The other day, a leading item on the television news told us much about the corrupting effects of this war on its bystanders. The verbose Schwarzkopf produced his latest video and invited his captive audience of journalists, many of them in uniform, many of them young and reporting on their first war, to observe ‘the luckiest guy in Iraq’.
We saw the outline of a lorry on a bridge, then the bridge between the cross hairs, then the bridge blown away by a cluster bomb; and the ‘lucky’ lorry scurrying away. No mention here of the other ‘unlucky’ lorry driver. We heard no explosion, no screams; what we heard was the belly laughter of the journalists in the ‘briefing room’. In every metaphorical sense, their laughter drowned the cries of the people of Iraq.
Bush speaks of war crimes as if the Geneva Convention was designed for ‘us’, never for ‘them’. International law prohibits the use of all indiscriminate weapons, including those that cause unnecessary suffering or superfluous injury. Exploding dum-dum bullets are specifically banned. Cluster bombs are hi-tech dum-dums, designed deliberately as terror weapons, to cause unnecessary suffering and superfluous injury. The use of B52s laying ‘carpets’ of bombs a mile long – by any definition indiscriminate – is also unlawful. ‘These are violations’, said Ramsey Clark, America’s former chief law officer, ‘of the Hague Conventions, the Geneva Conventions and Nuremberg; they are war crimes.’38
The Vietnam War was a war of such atrocities. For all the protestations to the contrary, it is in many ways the model for this war. Like
the Gulf now, Vietnam was a war of rampant technology directed against a Third World people. It was a war in which the United States dispatched its greatest ever land army, dropped the greatest tonnage of bombs in the history of warfare, pursued a military strategy deliberately aimed at forcing millions of people to abandon their homes and used chemicals in a manner that profoundly changed the environment and genetic order. Some two-and-a-half million people were killed, and many more maimed and otherwise ruined.

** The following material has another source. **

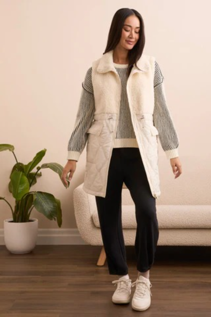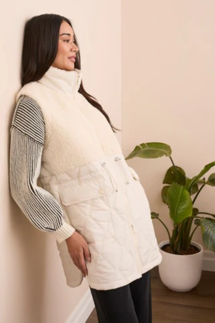 Embrace cool weather with the cozy elegance of this vest, made from a luxe blend of sherpa and quilted fabric for added texture and warmth. The high collar offers extra protection against the chill, while side pockets keep your hands warm or offer a convenient spot for your essentials.

These truths are the truths of history, not of Hollywood or the version studiously recast during the Reagan years. Nor are they the ‘old slogans’ of ‘ageing radicals’ now derided by liberal commentators who seem proud of their glib ignorance and their effete ability to adopt mutually contradictory positions without feeling their feet squirm underneath them. Every ‘noble cause’ has had such apologists far from the bloodshed. Let Michael Ignatieff of the Observer stand beside an Iraqi doctor amputating the limb of a child without anaesthetic and still declare that we should ‘press on until the bitter end’.39
It is often said disingenuously of the Vietnam War that the United States fought ‘with one hand tied behind its back’. If seven-and-a-half million tons of bombs dropped on a peasant land and two-and-a-half million people killed is the result of such constraint, the prospect of both hands free ought to bring pause to those who believe the end justifies the means. Echoing his president, an American pilot said, ‘Listen, we don’t have the manacles on us this time.’40
How long must the present silence be contrived? How long will the outspokenness of a former Tory prime minister, Edward Heath, continue to shame the Labour Party? How long will the Labour leadership acquiesce in bombing which, according to the British commander in the Gulf, is ‘minor compared with what’s coming’? Or is the question disingenuous?